[Dataset Boundary: Start]

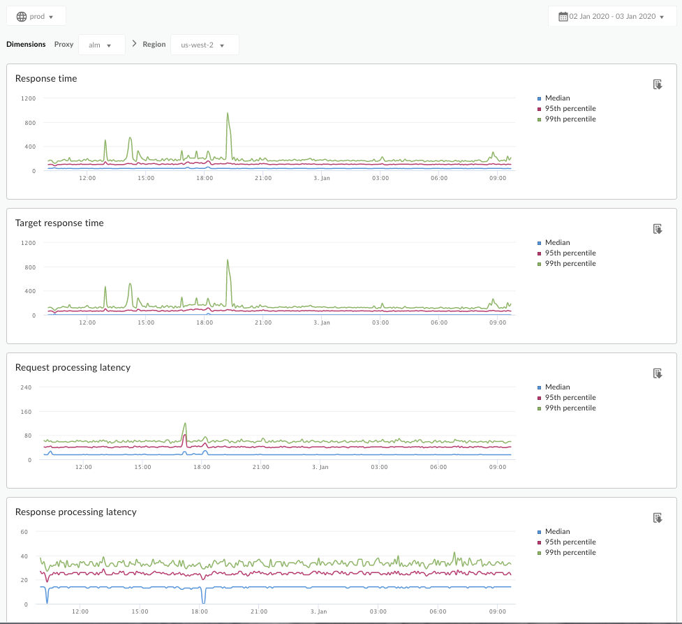 延迟时间分析信息中心可以提醒您 API 代理可能遇到的任何延迟问题。它将在一分钟的窗口中显示延迟时间的测量值,并突出显示中位数、第 95 个百分位和第 99 个百分位值。
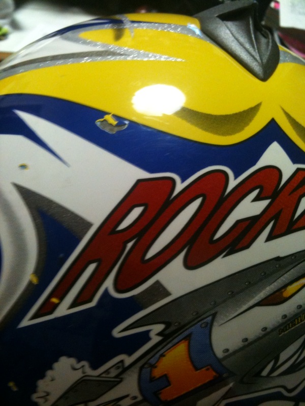 激しく傷が付いているんですが脳震盪もおこさずすみました。やはりヘルメットはオートバイ用に限ります。
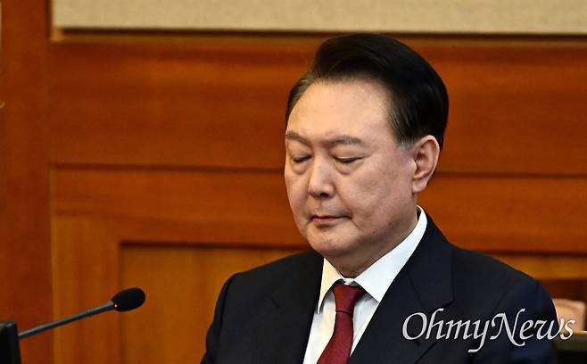 | ▲ 내란 우두머리 혐의로 구속된 윤석열 대통령이 23일 오후 서울 종로구 헌법재판소에서 열린 탄핵 심판 4차 변론기일에 출석해 있다. |
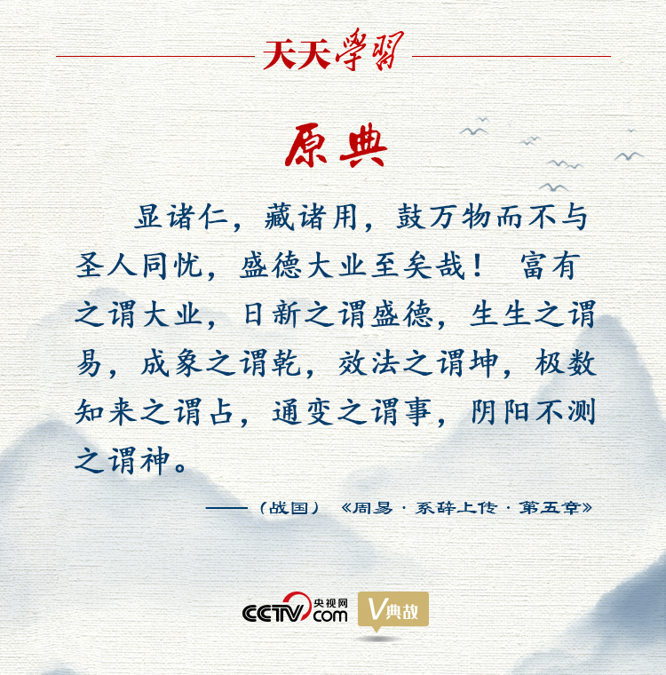 上述講話中引用的“富有之謂大業(yè),日新之謂盛德”出自《周易·系辭上傳》,意思是:廣泛創(chuàng)造物質(zhì)財富和精神財富叫做弘大功業(yè),持續(xù)永遠的日日增新叫做盛美德行。
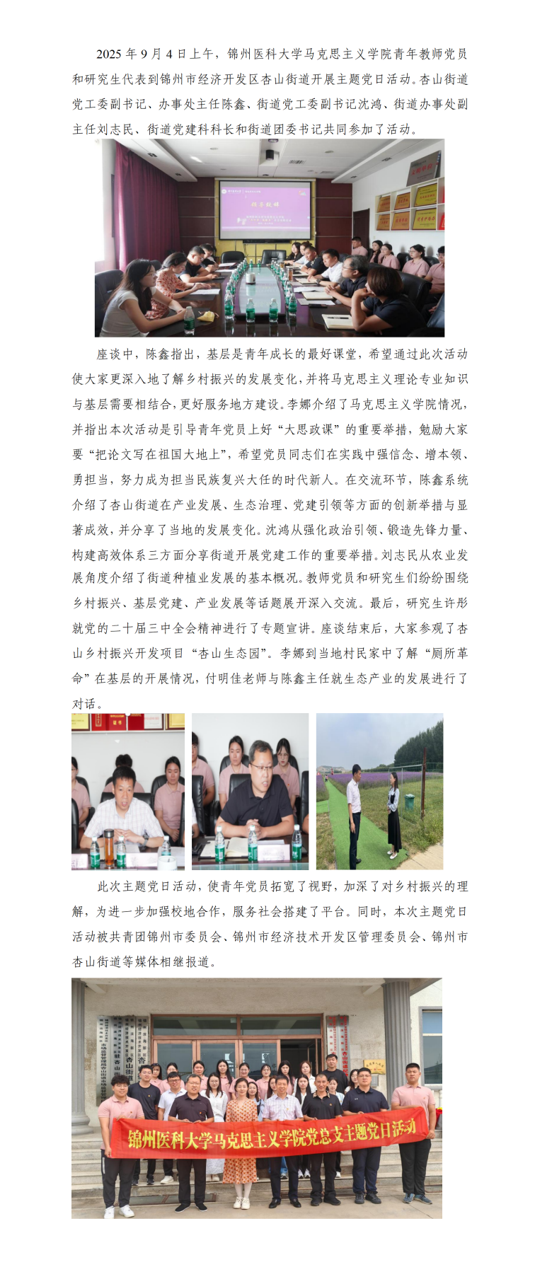 深入乡村实践 赋能人才成长——bb贝博艾弗森官方网站赴杏山街道开展主题党日活动

[Dataset Boundary: End]

Could you retype every line above exactly as it appears, skipping the pictures?

 延迟时间分析信息中心可以提醒您 API 代理可能遇到的任何延迟问题。它将在一分钟的窗口中显示延迟时间的测量值,并突出显示中位数、第 95 个百分位和第 99 个百分位值。
 激しく傷が付いているんですが脳震盪もおこさずすみました。やはりヘルメットはオートバイ用に限ります。
 | ▲ 내란 우두머리 혐의로 구속된 윤석열 대통령이 23일 오후 서울 종로구 헌법재판소에서 열린 탄핵 심판 4차 변론기일에 출석해 있다. |
 上述講話中引用的“富有之謂大業(yè),日新之謂盛德”出自《周易·系辭上傳》,意思是:廣泛創(chuàng)造物質(zhì)財富和精神財富叫做弘大功業(yè),持續(xù)永遠的日日增新叫做盛美德行。
 深入乡村实践 赋能人才成长——bb贝博艾弗森官方网站赴杏山街道开展主题党日活动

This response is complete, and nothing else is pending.